**WHAT YOU SHOULD DO**
As the answer, give exactly the lines of the records below from the one with "Listeen sends notifications" through the one with "The maternal mortality", ends included and pictures left out.

**INFORMATION PROVIDED**
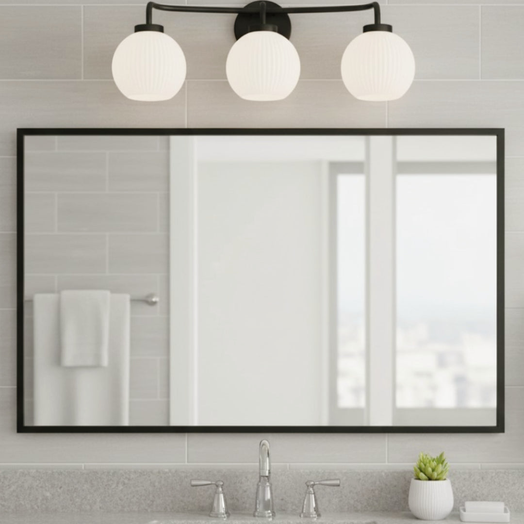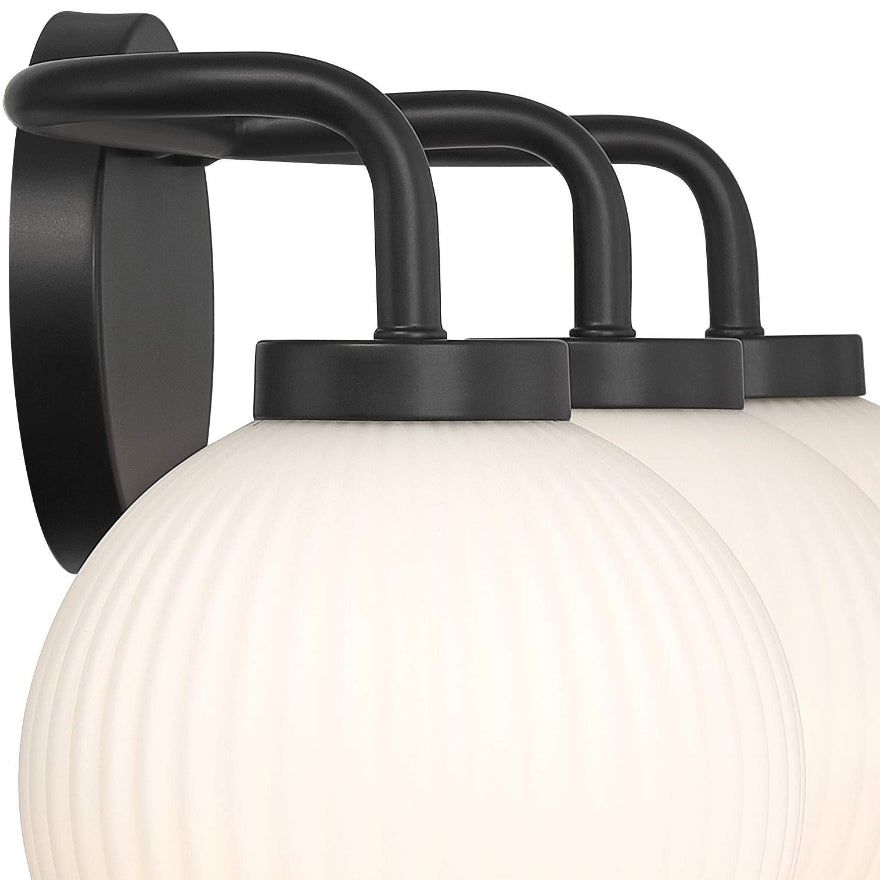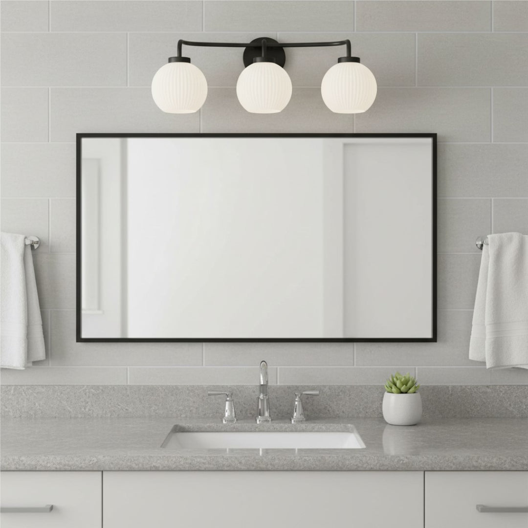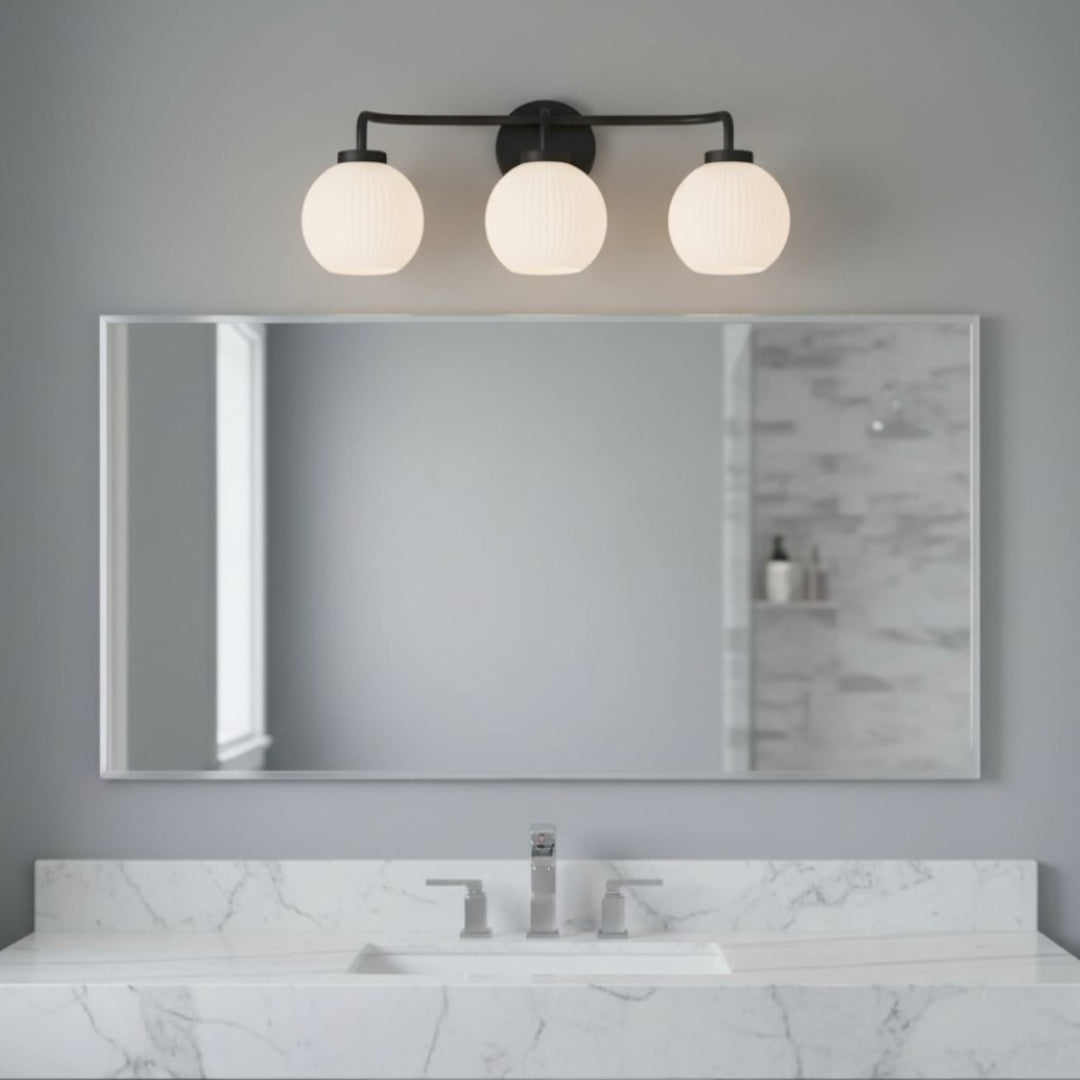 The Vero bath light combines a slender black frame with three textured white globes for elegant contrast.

--

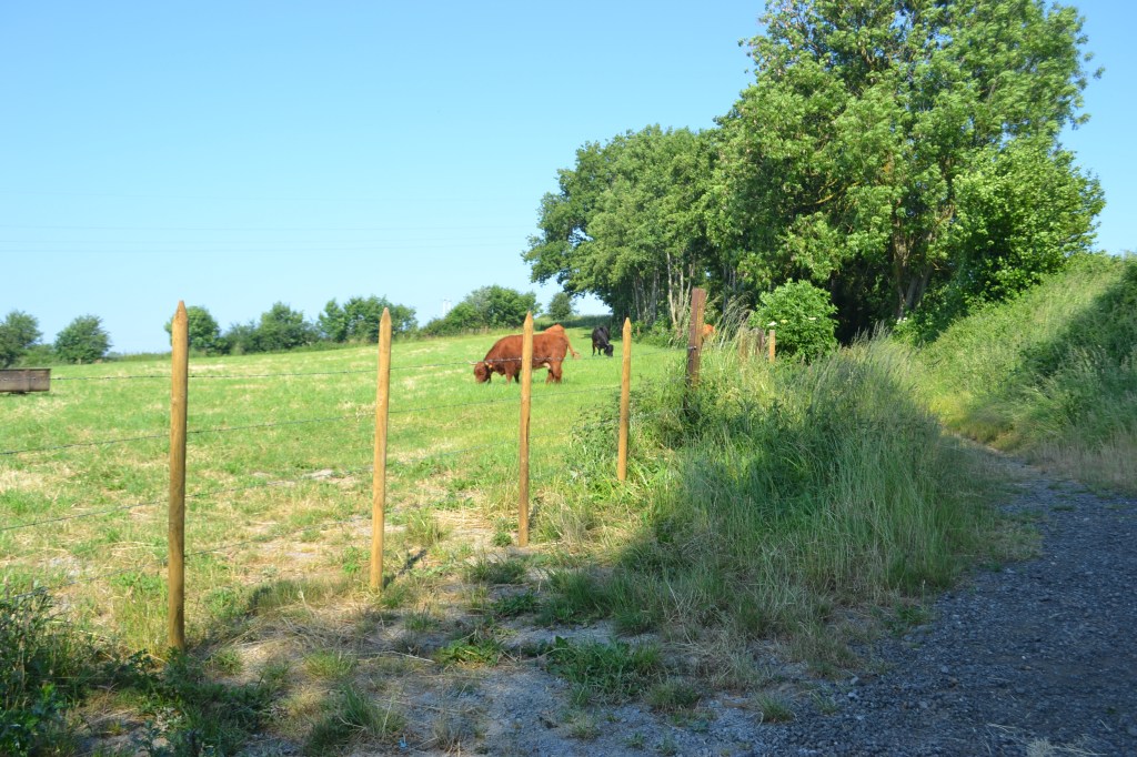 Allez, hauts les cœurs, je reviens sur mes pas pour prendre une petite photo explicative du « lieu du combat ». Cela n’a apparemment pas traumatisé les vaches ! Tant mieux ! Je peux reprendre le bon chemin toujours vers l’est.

==

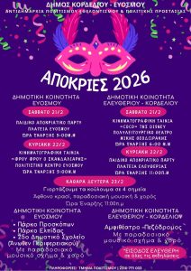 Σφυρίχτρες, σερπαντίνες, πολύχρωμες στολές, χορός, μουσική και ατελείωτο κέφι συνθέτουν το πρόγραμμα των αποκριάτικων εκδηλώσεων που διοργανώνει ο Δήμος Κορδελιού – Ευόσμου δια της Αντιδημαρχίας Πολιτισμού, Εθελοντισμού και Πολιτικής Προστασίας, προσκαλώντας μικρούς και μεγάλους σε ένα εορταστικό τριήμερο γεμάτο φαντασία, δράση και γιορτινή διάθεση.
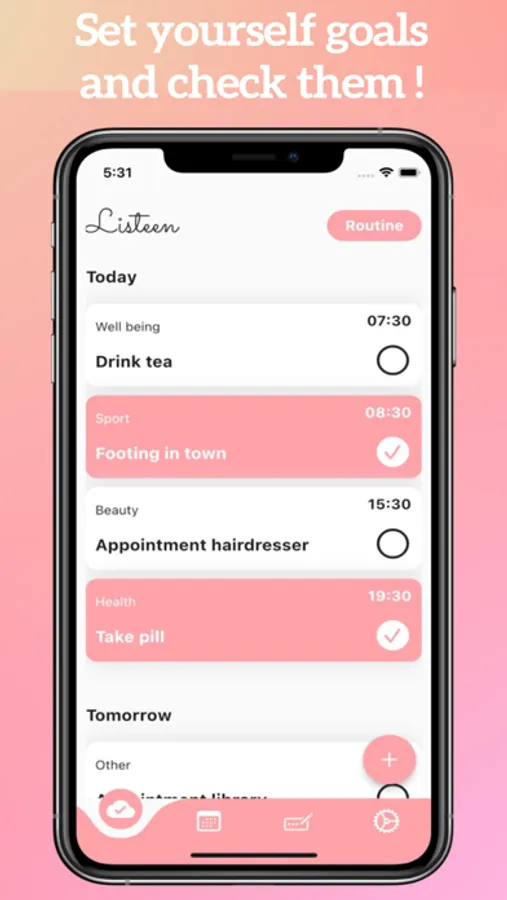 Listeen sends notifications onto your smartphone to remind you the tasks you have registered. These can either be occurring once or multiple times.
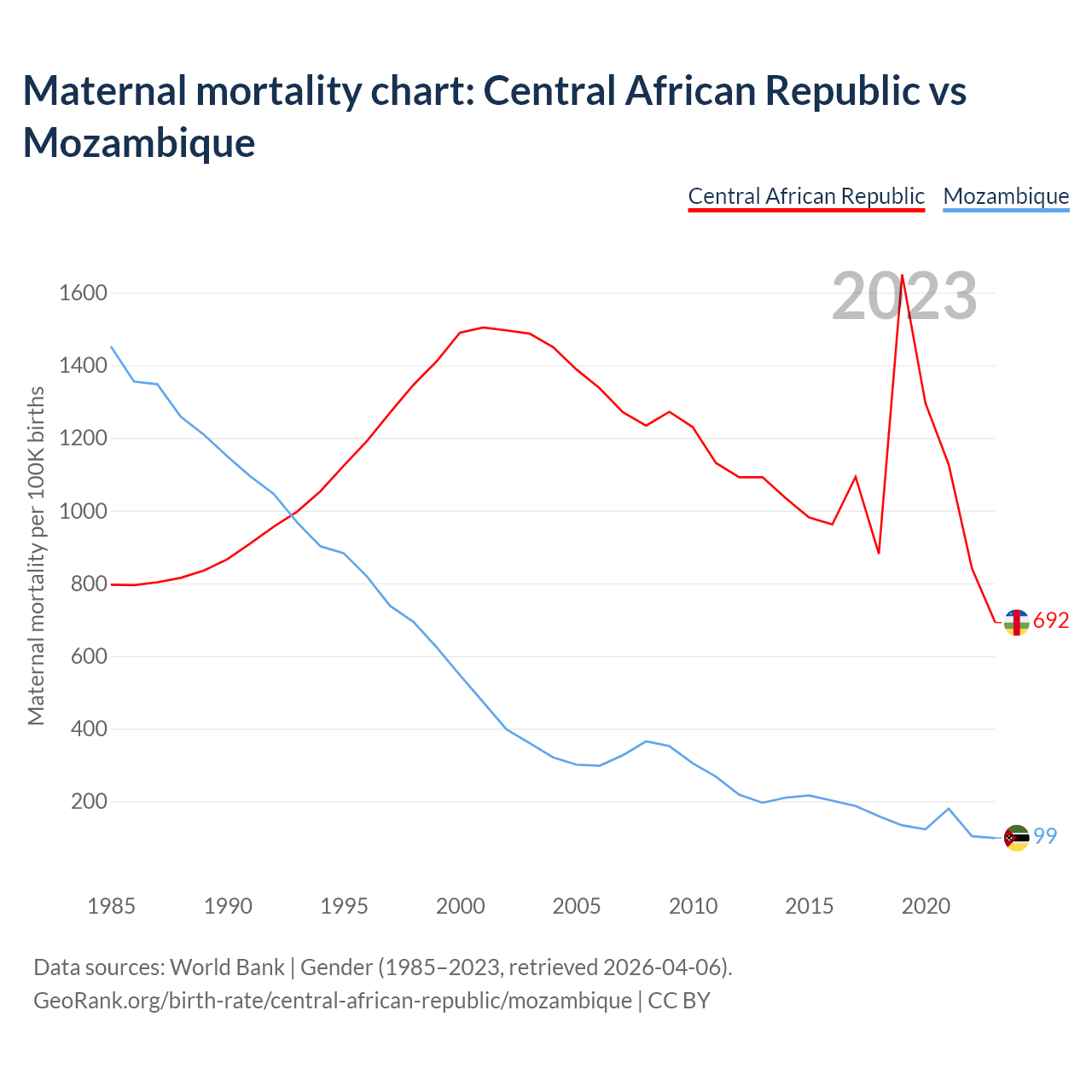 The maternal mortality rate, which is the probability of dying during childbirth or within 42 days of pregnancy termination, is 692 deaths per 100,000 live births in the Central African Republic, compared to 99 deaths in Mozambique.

**RESPONSE AREA**
 Listeen sends notifications onto your smartphone to remind you the tasks you have registered. These can either be occurring once or multiple times.
 The maternal mortality rate, which is the probability of dying during childbirth or within 42 days of pregnancy termination, is 692 deaths per 100,000 live births in the Central African Republic, compared to 99 deaths in Mozambique.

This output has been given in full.